Five patterns across recovery cases
Crisis precedes reform.
Voluntary fragility reduction is rare. Most meaningful reform follows acute systemic failure that forces consensus.
Multi-pillar reforms last.
Single-pillar reforms tend to be reversed within a generation. Acting on all four simultaneously persists.
External anchoring helps.
Spain's EU accession, postwar reconstruction — countries that reformed with external discipline regressed less.
Reform takes a generation.
Score reduction takes 15–25 years. Bad for political timelines, accurate to how structural change works.
Reversal is faster than accumulation.
The US and UK have been undoing their postwar gains for 45 years. Maintaining reductions is harder than achieving them.
VI
What this can't tell us
It measures fragility, not health.
It doesn't capture civic trust, demographics, ecology, or mental health. Japan scores low but faces a demographic crisis the framework can't detect.
It's diagnostic, not predictive.
High scores indicate vulnerability, not imminent collapse. These conditions can persist for decades before something tips.
It conflates different kinds of collapse.
Roman dissolution and Venezuelan economic collapse are radically different events. The score doesn't tell you which kind of failure is approaching.
Institutional measurement lags real-time conditions.
The US score of 61.1 almost certainly underweights what has happened in 2025 and 2026. A velocity component is needed.
The calibration set is small.
Famous collapses are the anchors because they're famous. Negative controls — high-stress periods where collapse was avoided — need to be incorporated.
VII
How to use it

Read the pillars, not the score. Two countries at 61 can be fragile for completely different reasons. The pillars are where the diagnostic information lives.

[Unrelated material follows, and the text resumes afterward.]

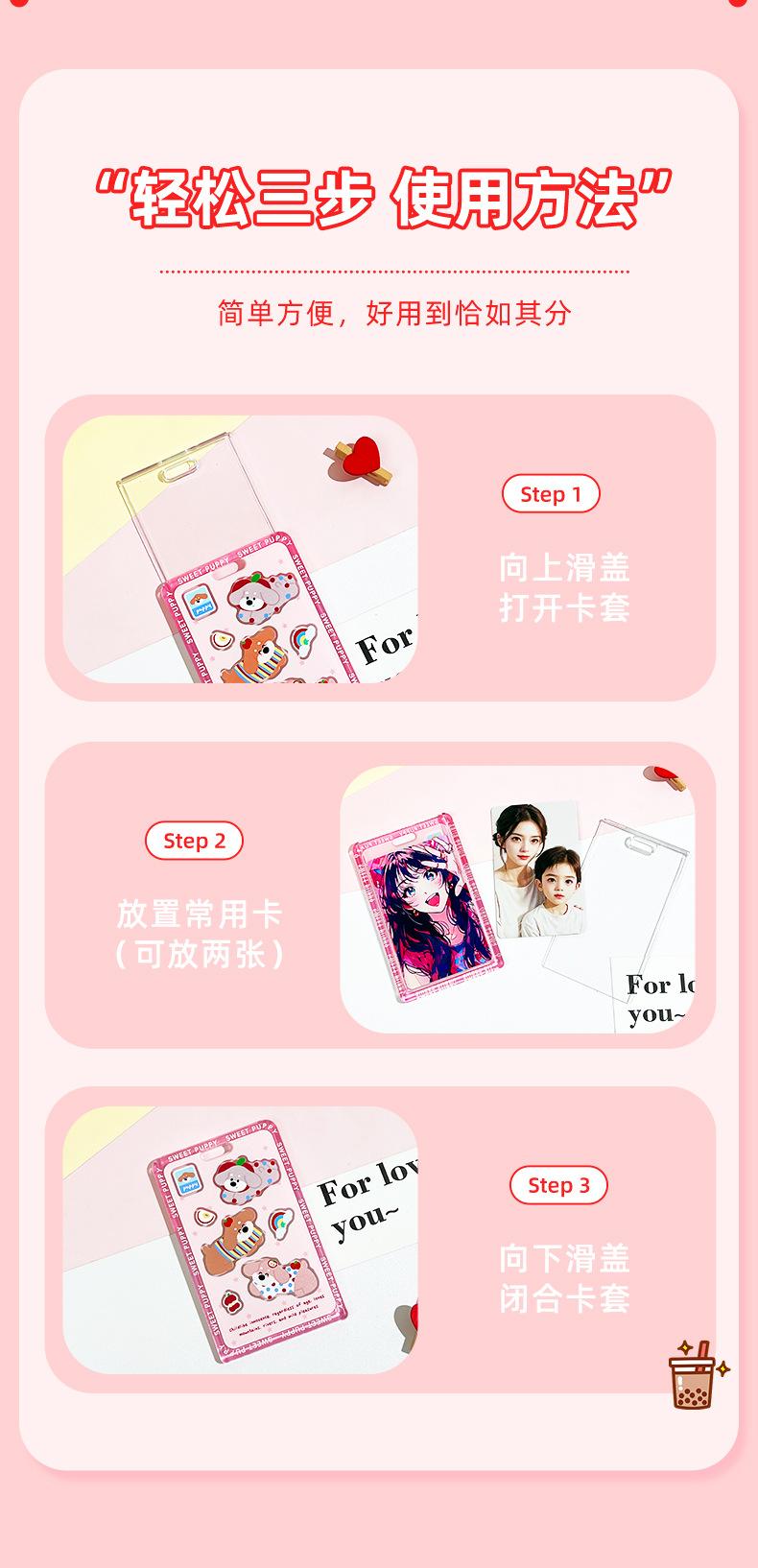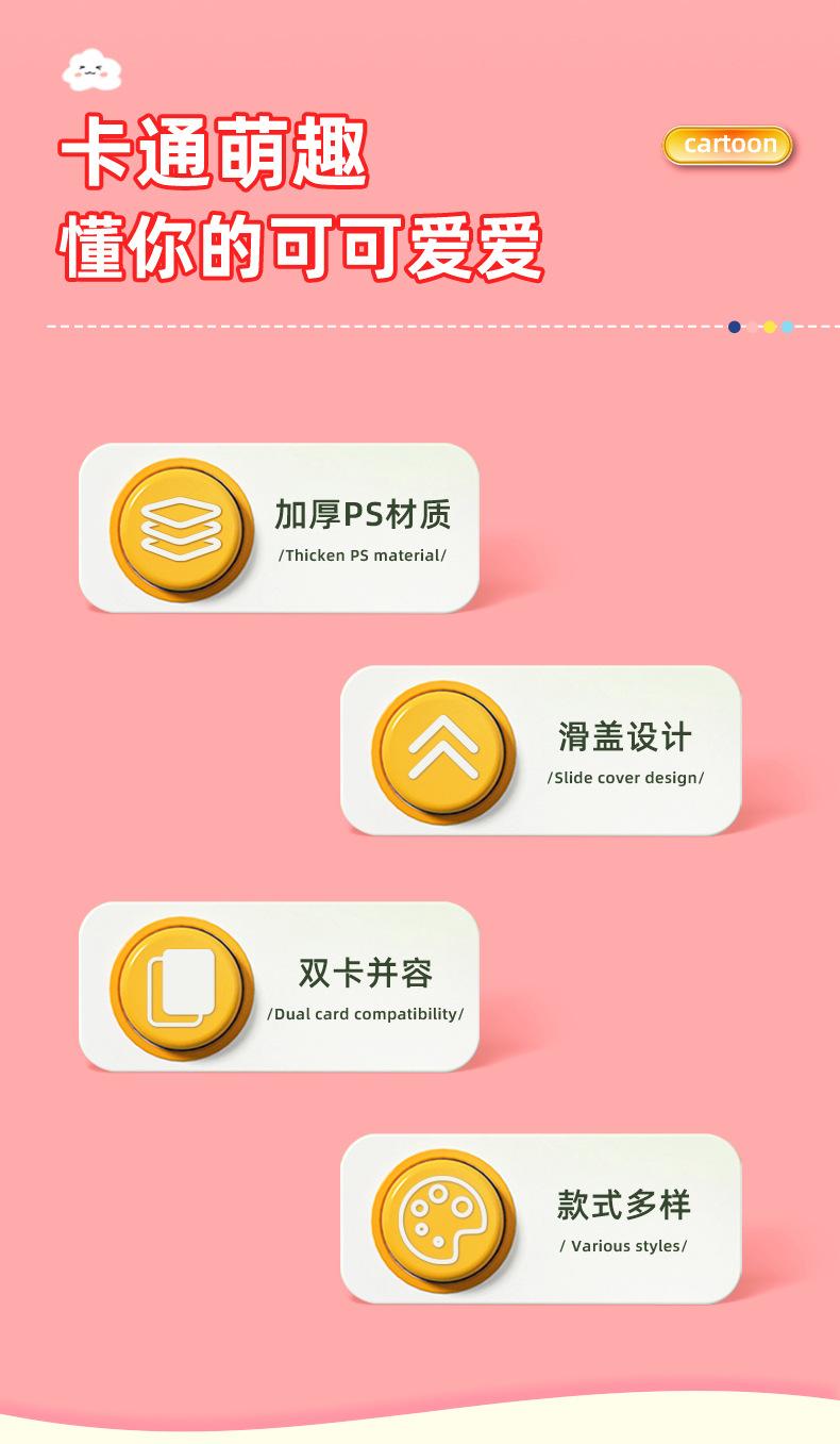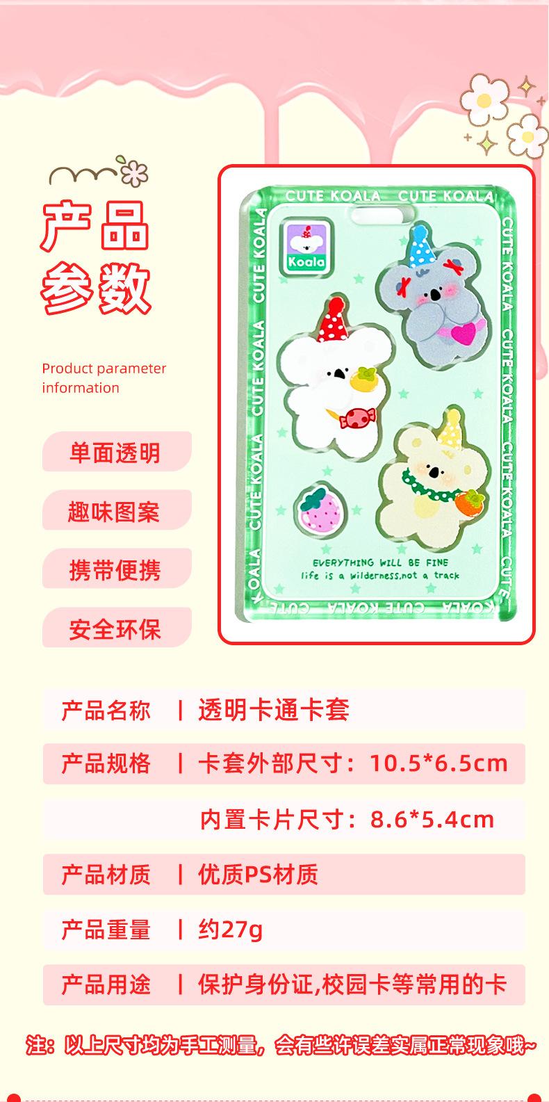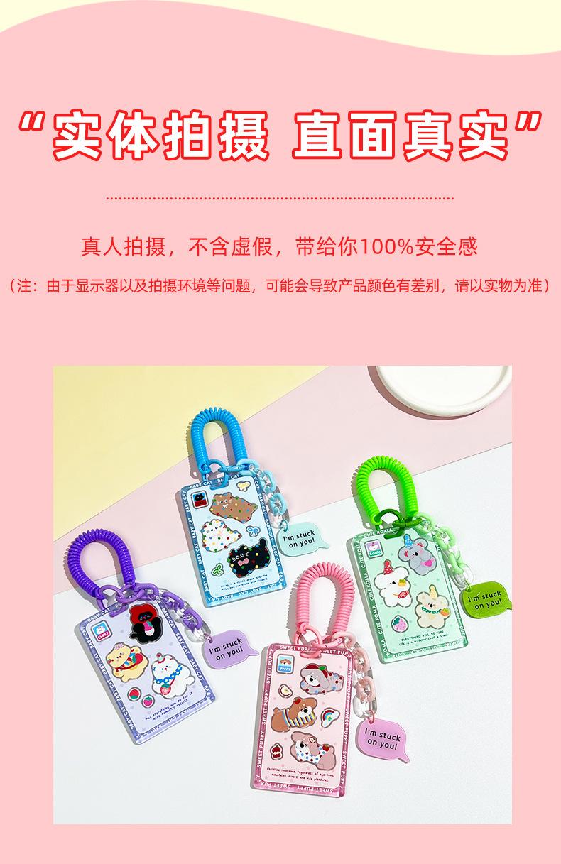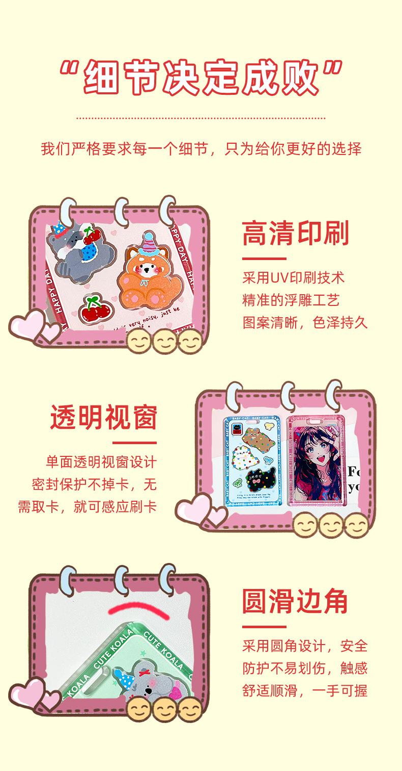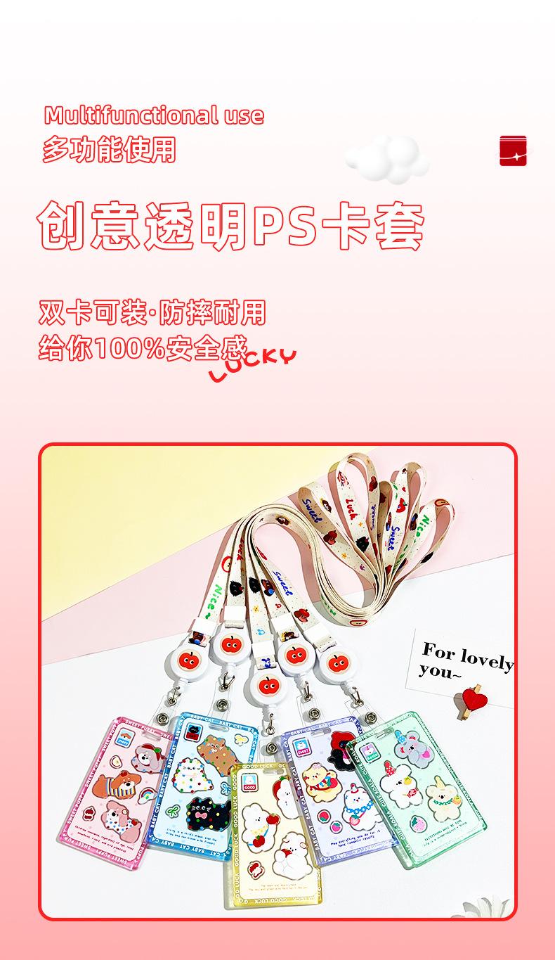 Capa para cartão de desenho animado de animal fofo, transparente, deslizante, cartão de campus para estudantes, bolsa para cartão de refeição, capa protetora para identidade de meninas, com bordas cruzadas

Watch the trajectory, not the snapshot. A country at 65 trending toward 80 is more concerning than a country at 75 trending toward 60. Direction matters more than level.

Use it to identify levers, not predict outcomes. Six countries have reduced their scores. They did so by acting on multiple pillars simultaneously. If you want to reform — at any scale — these are the levers with the strongest historical track record.

Hold it lightly. This is version 1.1. The calibration set needs to be larger. A velocity component should be added. A legal pluralism component should be added. Until then, this is a useful organizing tool — not an authoritative source of truth.

The bad news is that fragility usually requires crisis to reduce. The good news is that we know which levers to pull when the crisis arrives.